Aunque popularmente se los conoce bajo un mismo nombre, en realidad el término “palo borracho” engloba a dos especies distintas del género botánico Ceiba, que presentan características similares pero también algunas diferencias notables.

Las dos variedades que conviven en el arbolado urbano porteño son:

Samohú (Ceiba speciosa)
Originario de regiones subtropicales del noreste argentino, su nombre proviene del guaraní samu’ũ, que significa justamente “palo borracho”.

Sus características principales son:

• Flores con pétalos de color rosa intenso.
Tronco cilíndrico, relativamente recto y apenas ensanchado.
• Es la especie más frecuente dentro del arbolado urbano de la Ciudad.

Yuchán (Ceiba chodatii)
Esta especie proviene de zonas más secas de la región del Chaco argentino y posee rasgos que reflejan su adaptación a ambientes con escasez de agua.

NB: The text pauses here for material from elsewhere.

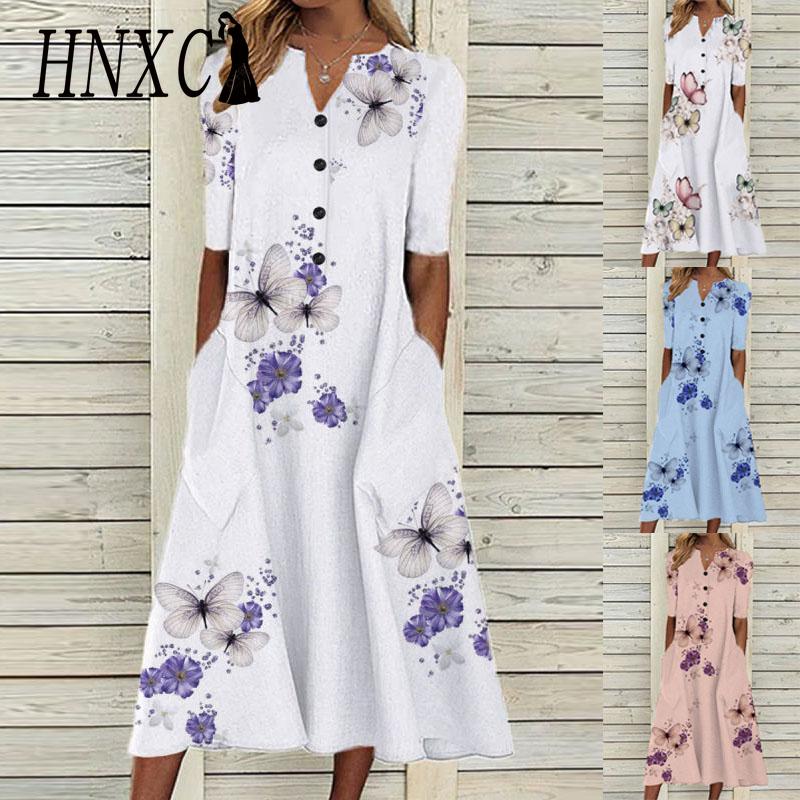 HNXC Элегантные женские платья с V-образным вырезом, коротким рукавом, на пуговицах, вечернее платье, женское летнее винтажное платье с принтом, повседневные свободные цветочные женские платья
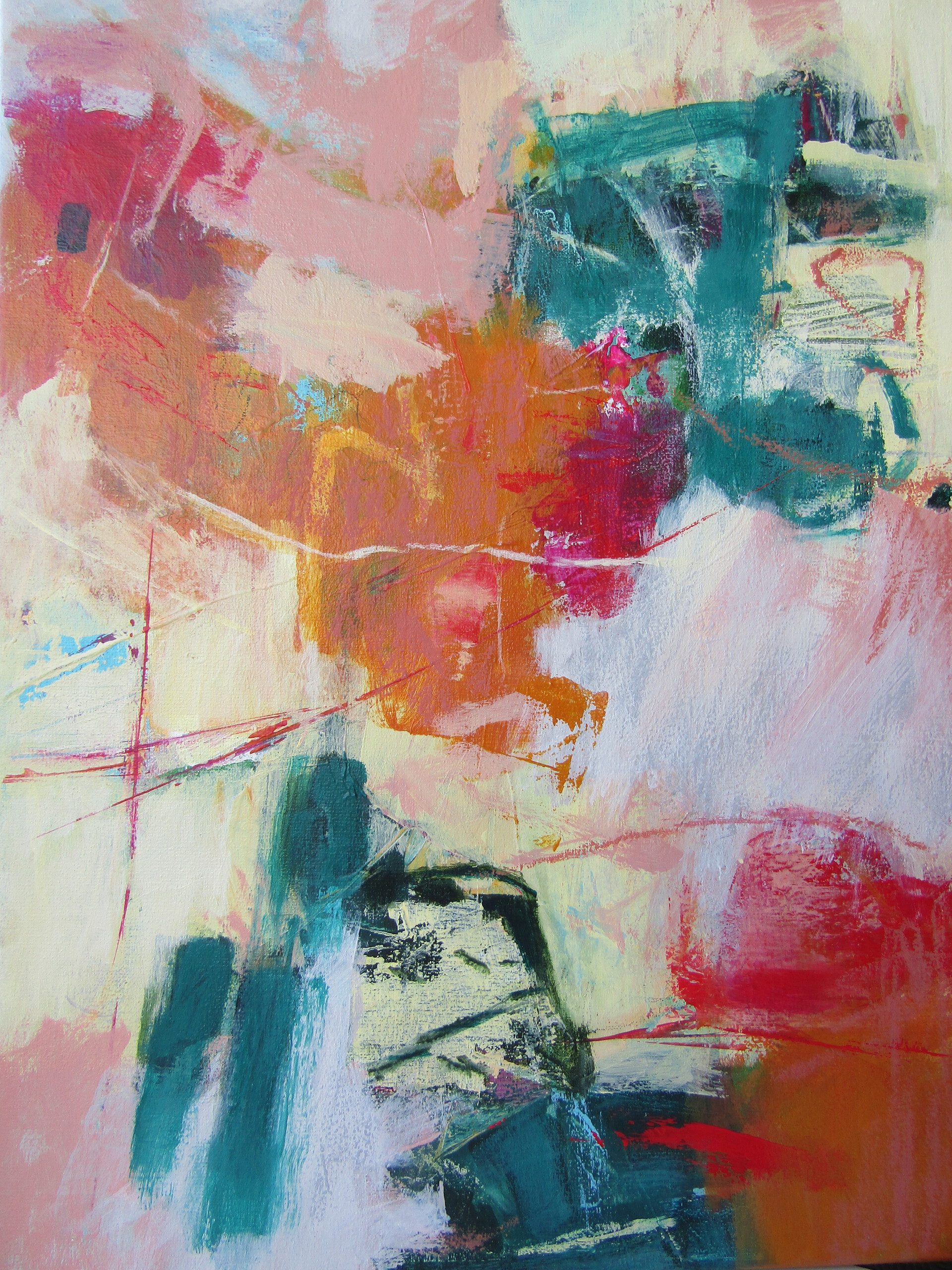 Kleurrijk Oranjebruin Rood Roze Groen Geel Dynamisch Abstract Poëtisch Lyrisch Abstractie Interieurkunst

Entre sus características se destacan:

• Flores de color crema o amarillento.
Tronco notablemente abultado, que funciona como reserva natural de agua.
• Alta resistencia a condiciones de sequía.

Ambas especies comparten ciertos rasgos morfológicos que las hacen fácilmente reconocibles. Sus hojas son compuestas palmadas, generalmente formadas por entre cinco y siete folíolos, y sus troncos están protegidos por aguijones cónicos que funcionan como mecanismo de defensa natural.

Una particularidad botánica muy interesante de estos árboles es que su corteza, especialmente cuando son jóvenes, contiene clorofila, lo que les permite realizar fotosíntesis incluso antes de desarrollar completamente su follaje.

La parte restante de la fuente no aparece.